_Task brief_
Below are some records; retype all of them exactly.

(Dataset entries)
##############################

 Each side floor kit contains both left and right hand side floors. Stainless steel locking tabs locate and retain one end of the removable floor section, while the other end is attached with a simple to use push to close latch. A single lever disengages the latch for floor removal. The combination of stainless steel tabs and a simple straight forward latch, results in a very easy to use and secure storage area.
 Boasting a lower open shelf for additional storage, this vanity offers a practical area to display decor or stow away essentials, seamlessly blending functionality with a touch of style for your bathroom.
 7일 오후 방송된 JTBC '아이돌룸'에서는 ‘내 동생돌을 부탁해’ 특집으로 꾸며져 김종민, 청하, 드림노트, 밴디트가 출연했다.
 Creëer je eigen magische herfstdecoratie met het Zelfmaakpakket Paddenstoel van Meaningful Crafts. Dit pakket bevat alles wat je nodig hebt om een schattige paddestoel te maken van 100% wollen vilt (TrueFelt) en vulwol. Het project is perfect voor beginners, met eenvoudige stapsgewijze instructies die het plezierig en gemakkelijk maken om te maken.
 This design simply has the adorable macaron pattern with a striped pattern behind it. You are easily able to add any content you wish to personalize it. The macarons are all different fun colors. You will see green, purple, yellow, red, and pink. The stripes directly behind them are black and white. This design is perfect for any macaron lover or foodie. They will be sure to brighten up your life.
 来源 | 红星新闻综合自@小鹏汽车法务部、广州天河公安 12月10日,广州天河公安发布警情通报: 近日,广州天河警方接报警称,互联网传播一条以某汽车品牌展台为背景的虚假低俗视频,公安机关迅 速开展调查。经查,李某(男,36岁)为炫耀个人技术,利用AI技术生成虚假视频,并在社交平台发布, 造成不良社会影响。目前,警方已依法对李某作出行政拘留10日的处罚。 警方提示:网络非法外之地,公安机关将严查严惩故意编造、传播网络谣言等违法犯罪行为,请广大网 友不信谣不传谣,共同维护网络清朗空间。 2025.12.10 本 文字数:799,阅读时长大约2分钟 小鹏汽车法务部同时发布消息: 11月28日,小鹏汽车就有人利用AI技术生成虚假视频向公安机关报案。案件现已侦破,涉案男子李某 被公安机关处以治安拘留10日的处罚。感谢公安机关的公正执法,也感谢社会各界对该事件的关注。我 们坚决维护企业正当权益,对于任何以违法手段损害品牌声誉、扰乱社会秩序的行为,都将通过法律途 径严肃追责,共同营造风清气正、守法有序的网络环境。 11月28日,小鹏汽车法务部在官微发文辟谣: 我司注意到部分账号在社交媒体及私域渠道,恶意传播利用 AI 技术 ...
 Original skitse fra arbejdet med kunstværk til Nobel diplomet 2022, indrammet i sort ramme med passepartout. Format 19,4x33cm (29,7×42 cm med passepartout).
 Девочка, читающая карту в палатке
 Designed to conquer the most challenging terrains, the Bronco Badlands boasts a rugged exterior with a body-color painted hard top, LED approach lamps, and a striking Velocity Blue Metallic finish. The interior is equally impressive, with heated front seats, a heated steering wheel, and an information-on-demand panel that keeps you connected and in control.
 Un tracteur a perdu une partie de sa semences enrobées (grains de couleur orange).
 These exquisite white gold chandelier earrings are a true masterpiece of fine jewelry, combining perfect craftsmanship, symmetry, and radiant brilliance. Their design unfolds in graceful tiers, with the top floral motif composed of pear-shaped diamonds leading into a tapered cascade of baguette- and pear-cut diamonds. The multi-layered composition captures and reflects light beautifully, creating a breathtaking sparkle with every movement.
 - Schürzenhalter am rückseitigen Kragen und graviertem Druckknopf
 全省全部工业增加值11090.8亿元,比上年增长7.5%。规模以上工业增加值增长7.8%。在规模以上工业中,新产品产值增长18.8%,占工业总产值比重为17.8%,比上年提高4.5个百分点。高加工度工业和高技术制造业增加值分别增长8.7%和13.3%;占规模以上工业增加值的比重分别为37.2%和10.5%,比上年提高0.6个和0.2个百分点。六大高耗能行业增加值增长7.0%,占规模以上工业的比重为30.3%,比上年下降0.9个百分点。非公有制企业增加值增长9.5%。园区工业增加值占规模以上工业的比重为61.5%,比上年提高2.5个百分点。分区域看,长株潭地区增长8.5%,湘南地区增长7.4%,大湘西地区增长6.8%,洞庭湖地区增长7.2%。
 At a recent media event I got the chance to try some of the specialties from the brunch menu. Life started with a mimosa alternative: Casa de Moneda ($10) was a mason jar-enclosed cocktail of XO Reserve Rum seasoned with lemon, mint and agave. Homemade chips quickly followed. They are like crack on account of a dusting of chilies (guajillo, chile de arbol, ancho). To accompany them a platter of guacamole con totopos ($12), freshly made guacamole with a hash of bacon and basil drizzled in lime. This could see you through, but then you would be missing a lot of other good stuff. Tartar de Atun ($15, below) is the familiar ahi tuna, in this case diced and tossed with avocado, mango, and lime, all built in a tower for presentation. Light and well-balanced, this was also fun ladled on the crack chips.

##############################

_Solution to this problem_
 Each side floor kit contains both left and right hand side floors. Stainless steel locking tabs locate and retain one end of the removable floor section, while the other end is attached with a simple to use push to close latch. A single lever disengages the latch for floor removal. The combination of stainless steel tabs and a simple straight forward latch, results in a very easy to use and secure storage area.
 Boasting a lower open shelf for additional storage, this vanity offers a practical area to display decor or stow away essentials, seamlessly blending functionality with a touch of style for your bathroom.
 7일 오후 방송된 JTBC '아이돌룸'에서는 ‘내 동생돌을 부탁해’ 특집으로 꾸며져 김종민, 청하, 드림노트, 밴디트가 출연했다.
 Creëer je eigen magische herfstdecoratie met het Zelfmaakpakket Paddenstoel van Meaningful Crafts. Dit pakket bevat alles wat je nodig hebt om een schattige paddestoel te maken van 100% wollen vilt (TrueFelt) en vulwol. Het project is perfect voor beginners, met eenvoudige stapsgewijze instructies die het plezierig en gemakkelijk maken om te maken.
 This design simply has the adorable macaron pattern with a striped pattern behind it. You are easily able to add any content you wish to personalize it. The macarons are all different fun colors. You will see green, purple, yellow, red, and pink. The stripes directly behind them are black and white. This design is perfect for any macaron lover or foodie. They will be sure to brighten up your life.
 来源 | 红星新闻综合自@小鹏汽车法务部、广州天河公安 12月10日,广州天河公安发布警情通报: 近日,广州天河警方接报警称,互联网传播一条以某汽车品牌展台为背景的虚假低俗视频,公安机关迅 速开展调查。经查,李某(男,36岁)为炫耀个人技术,利用AI技术生成虚假视频,并在社交平台发布, 造成不良社会影响。目前,警方已依法对李某作出行政拘留10日的处罚。 警方提示:网络非法外之地,公安机关将严查严惩故意编造、传播网络谣言等违法犯罪行为,请广大网 友不信谣不传谣,共同维护网络清朗空间。 2025.12.10 本 文字数:799,阅读时长大约2分钟 小鹏汽车法务部同时发布消息: 11月28日,小鹏汽车就有人利用AI技术生成虚假视频向公安机关报案。案件现已侦破,涉案男子李某 被公安机关处以治安拘留10日的处罚。感谢公安机关的公正执法,也感谢社会各界对该事件的关注。我 们坚决维护企业正当权益,对于任何以违法手段损害品牌声誉、扰乱社会秩序的行为,都将通过法律途 径严肃追责,共同营造风清气正、守法有序的网络环境。 11月28日,小鹏汽车法务部在官微发文辟谣: 我司注意到部分账号在社交媒体及私域渠道,恶意传播利用 AI 技术 ...
 Original skitse fra arbejdet med kunstværk til Nobel diplomet 2022, indrammet i sort ramme med passepartout. Format 19,4x33cm (29,7×42 cm med passepartout).
 Девочка, читающая карту в палатке
 Designed to conquer the most challenging terrains, the Bronco Badlands boasts a rugged exterior with a body-color painted hard top, LED approach lamps, and a striking Velocity Blue Metallic finish. The interior is equally impressive, with heated front seats, a heated steering wheel, and an information-on-demand panel that keeps you connected and in control.
 Un tracteur a perdu une partie de sa semences enrobées (grains de couleur orange).
 These exquisite white gold chandelier earrings are a true masterpiece of fine jewelry, combining perfect craftsmanship, symmetry, and radiant brilliance. Their design unfolds in graceful tiers, with the top floral motif composed of pear-shaped diamonds leading into a tapered cascade of baguette- and pear-cut diamonds. The multi-layered composition captures and reflects light beautifully, creating a breathtaking sparkle with every movement.
 - Schürzenhalter am rückseitigen Kragen und graviertem Druckknopf
 全省全部工业增加值11090.8亿元,比上年增长7.5%。规模以上工业增加值增长7.8%。在规模以上工业中,新产品产值增长18.8%,占工业总产值比重为17.8%,比上年提高4.5个百分点。高加工度工业和高技术制造业增加值分别增长8.7%和13.3%;占规模以上工业增加值的比重分别为37.2%和10.5%,比上年提高0.6个和0.2个百分点。六大高耗能行业增加值增长7.0%,占规模以上工业的比重为30.3%,比上年下降0.9个百分点。非公有制企业增加值增长9.5%。园区工业增加值占规模以上工业的比重为61.5%,比上年提高2.5个百分点。分区域看,长株潭地区增长8.5%,湘南地区增长7.4%,大湘西地区增长6.8%,洞庭湖地区增长7.2%。
 At a recent media event I got the chance to try some of the specialties from the brunch menu. Life started with a mimosa alternative: Casa de Moneda ($10) was a mason jar-enclosed cocktail of XO Reserve Rum seasoned with lemon, mint and agave. Homemade chips quickly followed. They are like crack on account of a dusting of chilies (guajillo, chile de arbol, ancho). To accompany them a platter of guacamole con totopos ($12), freshly made guacamole with a hash of bacon and basil drizzled in lime. This could see you through, but then you would be missing a lot of other good stuff. Tartar de Atun ($15, below) is the familiar ahi tuna, in this case diced and tossed with avocado, mango, and lime, all built in a tower for presentation. Light and well-balanced, this was also fun ladled on the crack chips.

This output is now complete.